Уильям Берроуз Аллея Торнадо[1]
День Благодарения, 28 ноября 1986 года.
Благодарю за дикую индейку и странствующих голубей, обреченных, чтобы их высрали здоровые американские кишки…
благодарю за континент, разграбленный и загаженный…
благодарю за индейцев, не очень строптивых, не очень опасных…
благодарю за стада бизонов, которых можно убить, освежевать, бросая гниющие остовы…
благодарю за истребленных волков и койотов… благодарю за АМЕРИКАНСКУЮ МЕЧТУ опошленную и подтасованную, так что просвечивает наглая ложь…
благодарю за Ку-клукс-клан, за шерифов, лелеющих засечки по числу убитых негритосов, за порядочных прихожанок со злобными, тощими, кислыми, полными ненависти лицами…
благодарю за наклейки «Убей пидора во имя Христа»…
благодарю за выведенный в лабораториях СПИД…
благодарю за сухой закон и Войну Против Наркотиков…
благодарю за страну, где никому не позволено заниматься своим делом…

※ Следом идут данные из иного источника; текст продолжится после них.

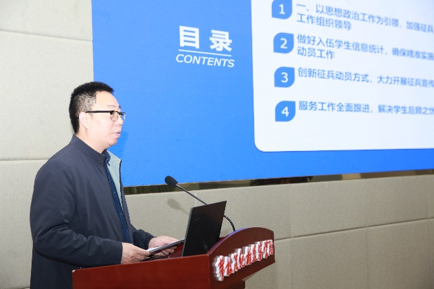 12月14日下午,我校在纪检监察学院会议室组织召开2023年征兵工作、退伍大学生工作总结暨2024年征兵工作培训会。党委常委、副校长石维富出席会议并讲话,市退役军人事务局副局长孙晓蓉,东区人武部中校副部长杨琪,学校武装部、宣传部、教务处、保卫处、招就处、团委负责人,各二级学院分管学生工作领导、学生科科长、毕业班辅导员,退伍大学生代表,第十一届国旗护卫队代表参加会议。
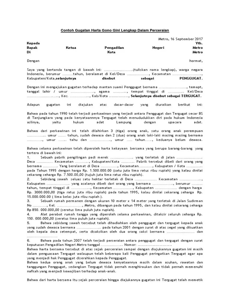 Untuk memudahkan masyarakat untuk mengajukan gugatan di pengadilan tata . Harta bersama / gono gini, artinya harta yang . Gugatan harta bersama lamp : Harta brsama yang sudah ada, dan tetap menjadi milik pemohon dan. Surat kuasa penyelesaian gono dan gini ini contoh surat kuasa untuk penyelesaian kasus perdata dalam hal ini kasus harta gono gini yang bisa .
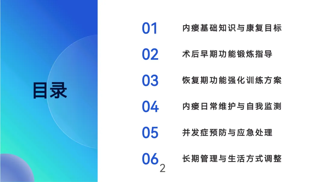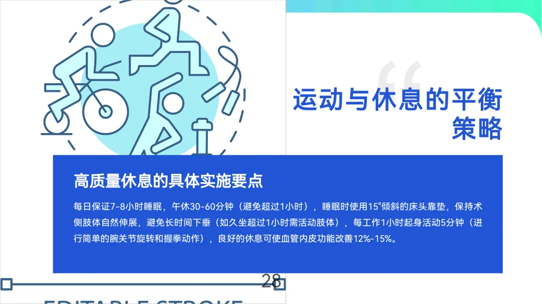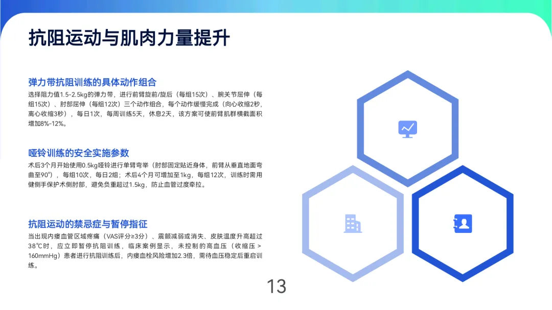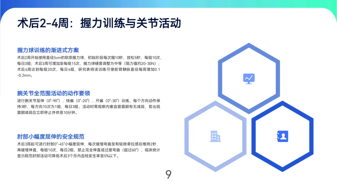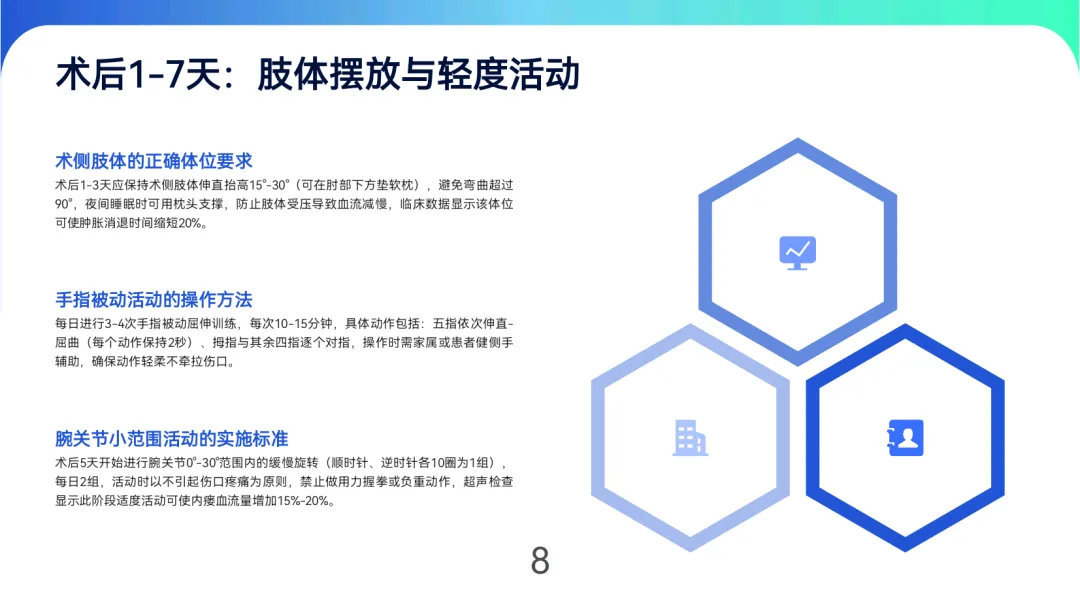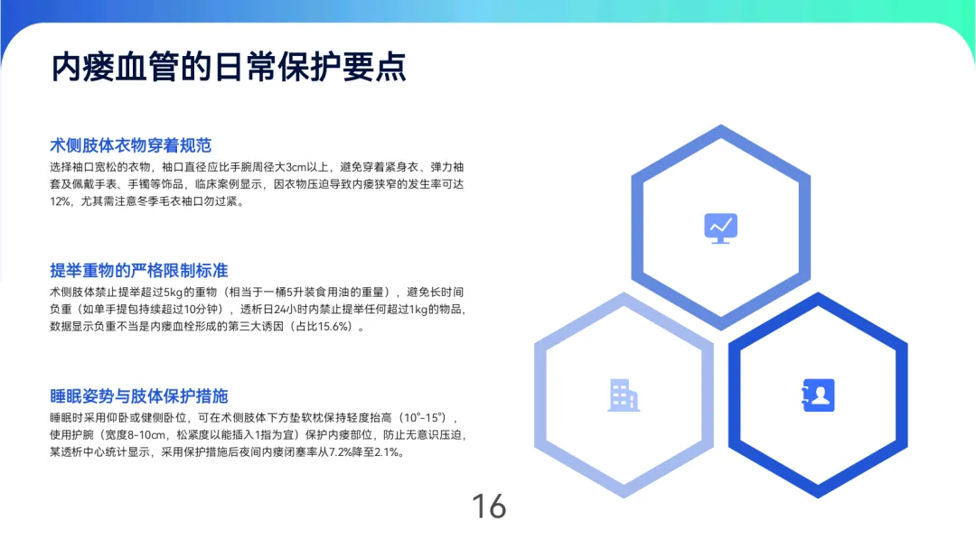 血管保护:穿着宽松衣物,避免术侧肢体提举>5kg重物或长时间受压,睡眠时保持轻度抬高(10°-15°)。
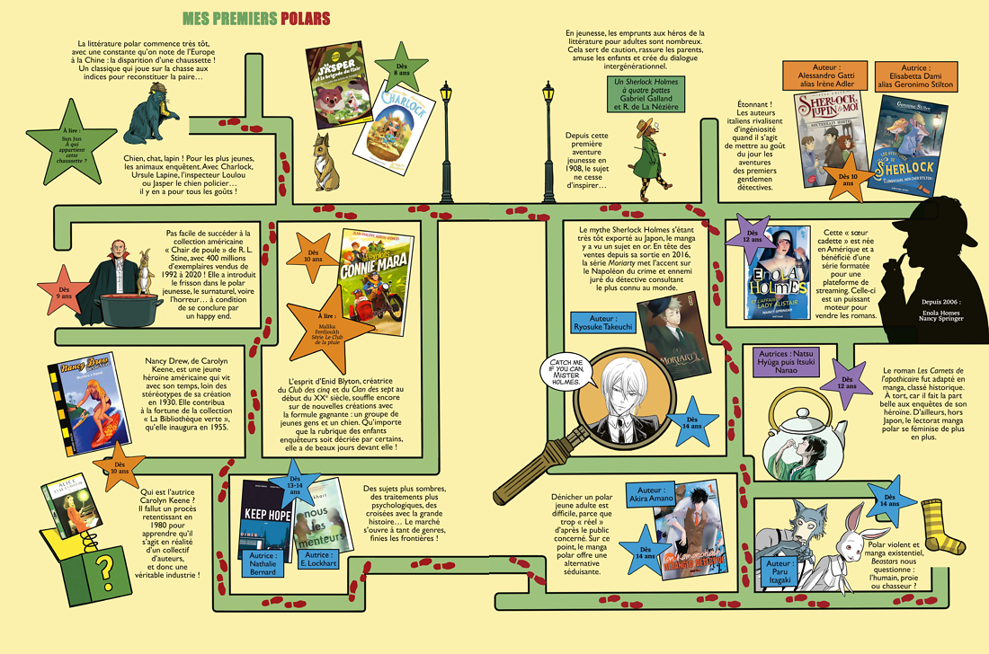 Le Polar de Claire Caland et Sandrine Kerion (Les humanoïdes associés) reste éloigné du catalogue de type Ce qu’il vous faut avoir lu ou de la compilation de fiches souvent rébarbative. Bien sûr, le livre est un guide qui suggère de découvrir tel auteur, de s’immerger dans une époque ou une autre, de frissonner à la découverte de vilains légendaires ou de saluer la finesse du raisonnement de limiers héroïques. Mais pas que. La présentation fait que le lecteur se voit aussi offrir la possibilité de s’amuser en inspectant les scènes illustrant les incontournables du genre.
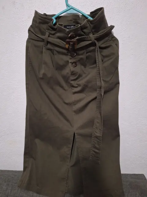 Falda marca Black Label. Falda verde militar, una puesta con avertura al frente, orma padrisimo, talla 7 a la cintura.
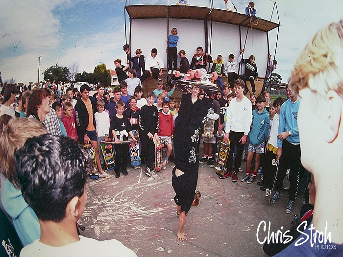 In the 80’s skate comps would have this freestyle skate just like breakdances where everyone gathers around and the guy in the centre lays down his best moves, this day Rudolph handstands for the crowd at Peakhurst.
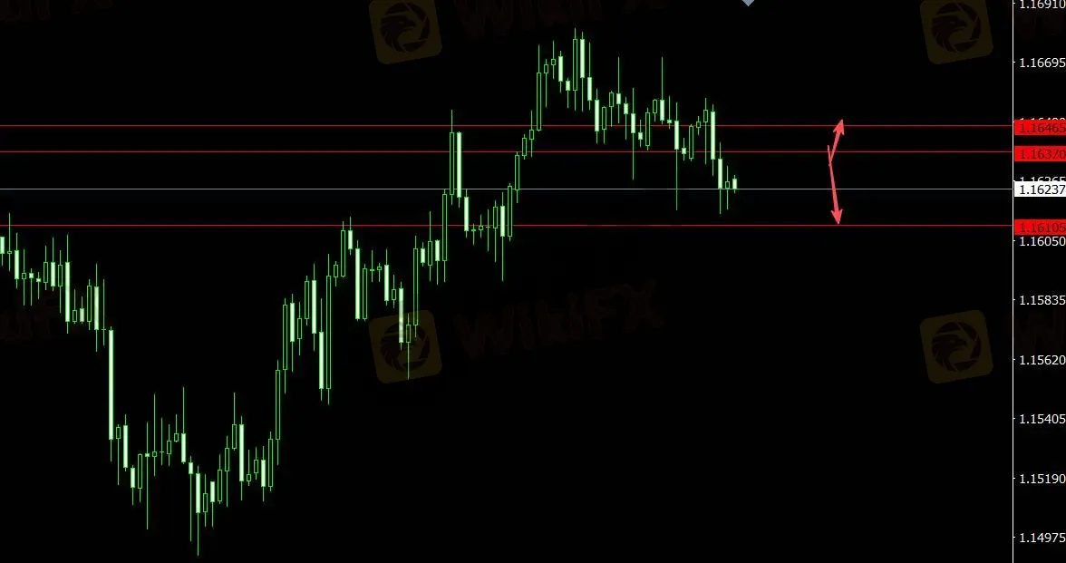 美元指数受支撑,欧元承压。关注支撑位1.16110,4小时看多至1.16470;关注压力位1.16370,4小时看空至1.16030。
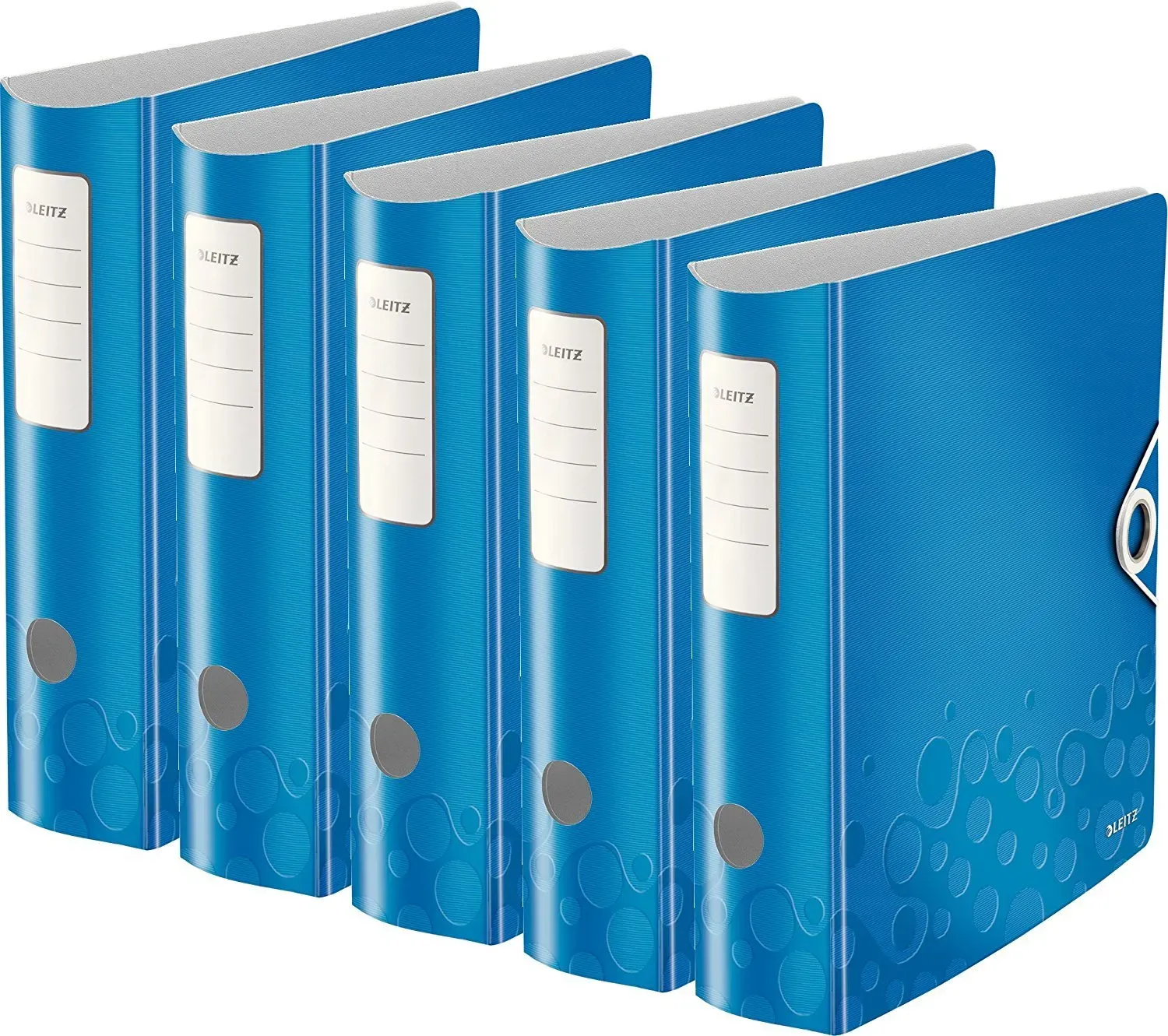 keine Angabe Versand durch AmazonVON Leitz 5er Pack Ordner A4, 100 % Recyclingkarton, 80 mm Rückenbreite, Für 600 Blatt, Marmoriert, Blauer Engel & FSC-zertifiziert, Für Schule, Studium & Haushalt, Blau, 10531035

благодарю за нацию стукачей…
да, благодарю за все воспоминания…
ну-ка, посмотрим твои руки… с тобой вечно морока, ты всегда был занудой…
благодарю за последнее величайшее предательство последней величайшей человеческой мечты.
ДЖЕРРИ И БИРЖЕВОЙ МАКЛЕРДжерри Эллисор, слабоумный соседский мальчишка, решил подразнить робкого человечка с карикатуры в «Нью-Йоркере», такого типа, который не хочет ни во что встревать, прохожего на другой стороне улицы… вот девочка с отрезанными руками пытается его остановить, а он объезжает ее и катит себе дальше (я имею в виду историю пятнадцатилетней девочки, которой насильник отрезал руки: она выбежала на шоссе, три машины проехали мимо, и только четвертая остановилась и отвезла ее в больницу).
Этому типу вечно не везет. Во время отпуска в Вест-Индии он надеется, что уличные певцы отстанут, если он просто будет их игнорировать.
— Не обращай на них внимания, дорогая.
И вот этот служащий средних лет обедает в закусочной здоровой пищи, он съел зеленый салат и выпил морковного сока. Мальчишка садится к нему за столик, хотя три часа дня и закусочная полупустая. Мужик чувствует жуткую вонь — точно от хорька, только еще резче — глаза у него слезятся, спазмы в желудке. Мальчишка улыбается, скаля кривые желтые зубы.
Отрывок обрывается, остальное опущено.